### Material provided
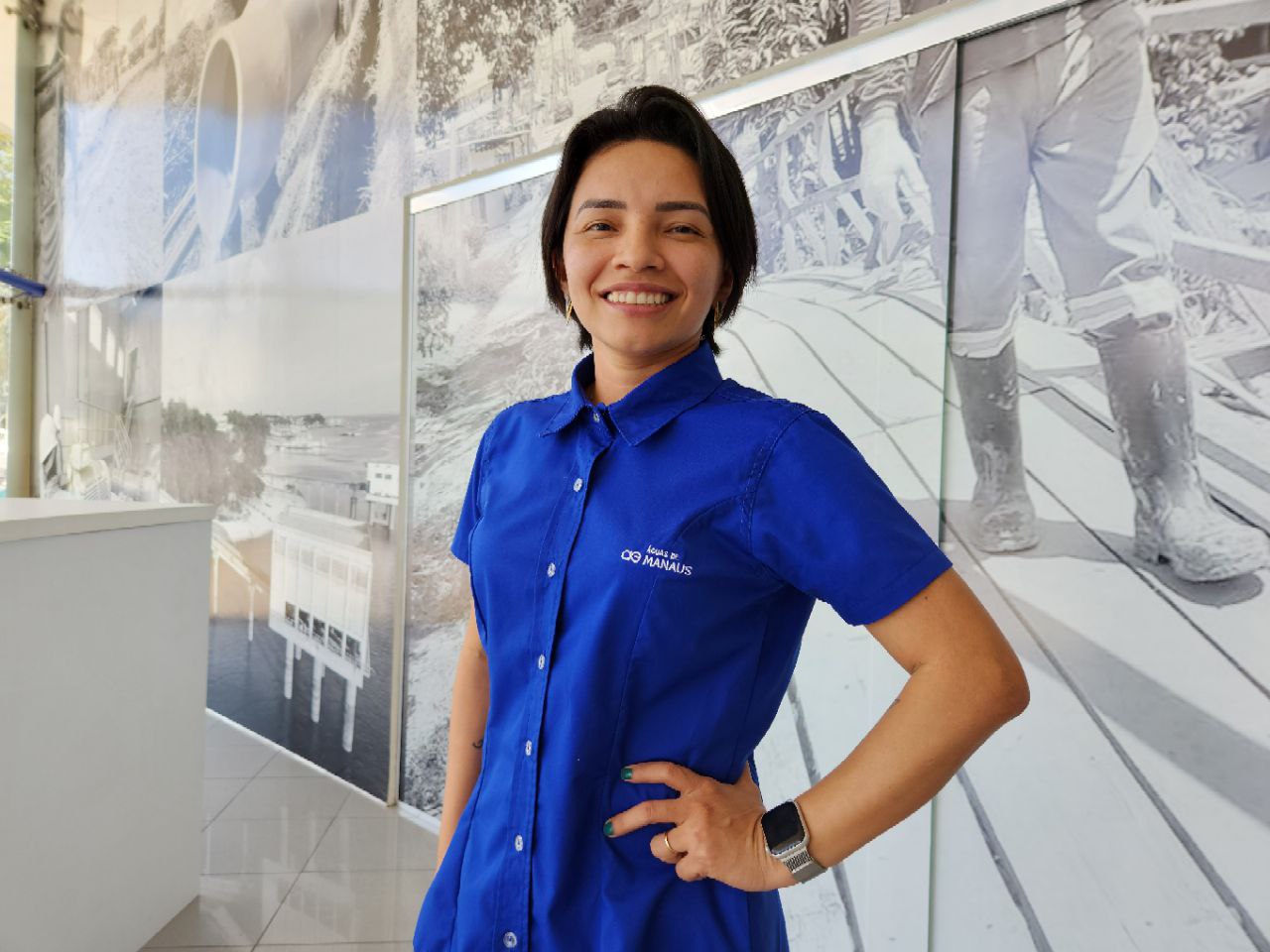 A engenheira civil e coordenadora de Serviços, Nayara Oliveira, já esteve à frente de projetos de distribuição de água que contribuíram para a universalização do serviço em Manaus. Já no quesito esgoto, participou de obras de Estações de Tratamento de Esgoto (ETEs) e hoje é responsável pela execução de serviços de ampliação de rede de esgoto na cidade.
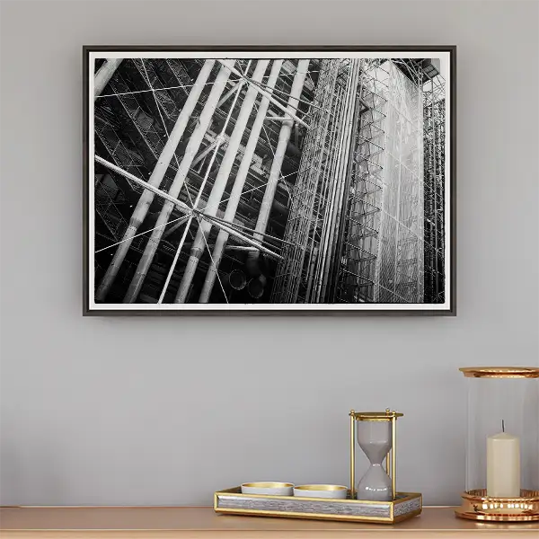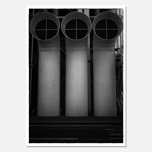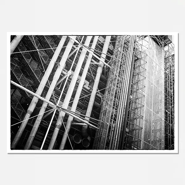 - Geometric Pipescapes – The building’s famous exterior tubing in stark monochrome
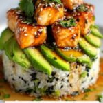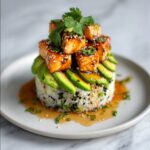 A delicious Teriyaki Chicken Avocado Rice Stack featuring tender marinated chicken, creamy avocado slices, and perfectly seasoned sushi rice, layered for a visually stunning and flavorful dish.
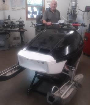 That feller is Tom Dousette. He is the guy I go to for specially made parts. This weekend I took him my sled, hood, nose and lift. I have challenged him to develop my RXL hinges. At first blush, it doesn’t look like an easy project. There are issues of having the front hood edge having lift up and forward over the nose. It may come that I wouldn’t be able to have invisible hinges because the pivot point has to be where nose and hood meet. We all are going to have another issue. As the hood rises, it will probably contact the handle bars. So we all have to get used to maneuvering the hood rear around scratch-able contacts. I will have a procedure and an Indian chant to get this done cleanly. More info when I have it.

### Task description
Repeat the data above in full and exactly. Omit every image.

### Reply to the task
 A engenheira civil e coordenadora de Serviços, Nayara Oliveira, já esteve à frente de projetos de distribuição de água que contribuíram para a universalização do serviço em Manaus. Já no quesito esgoto, participou de obras de Estações de Tratamento de Esgoto (ETEs) e hoje é responsável pela execução de serviços de ampliação de rede de esgoto na cidade.
 - Geometric Pipescapes – The building’s famous exterior tubing in stark monochrome
 A delicious Teriyaki Chicken Avocado Rice Stack featuring tender marinated chicken, creamy avocado slices, and perfectly seasoned sushi rice, layered for a visually stunning and flavorful dish.
 That feller is Tom Dousette. He is the guy I go to for specially made parts. This weekend I took him my sled, hood, nose and lift. I have challenged him to develop my RXL hinges. At first blush, it doesn’t look like an easy project. There are issues of having the front hood edge having lift up and forward over the nose. It may come that I wouldn’t be able to have invisible hinges because the pivot point has to be where nose and hood meet. We all are going to have another issue. As the hood rises, it will probably contact the handle bars. So we all have to get used to maneuvering the hood rear around scratch-able contacts. I will have a procedure and an Indian chant to get this done cleanly. More info when I have it.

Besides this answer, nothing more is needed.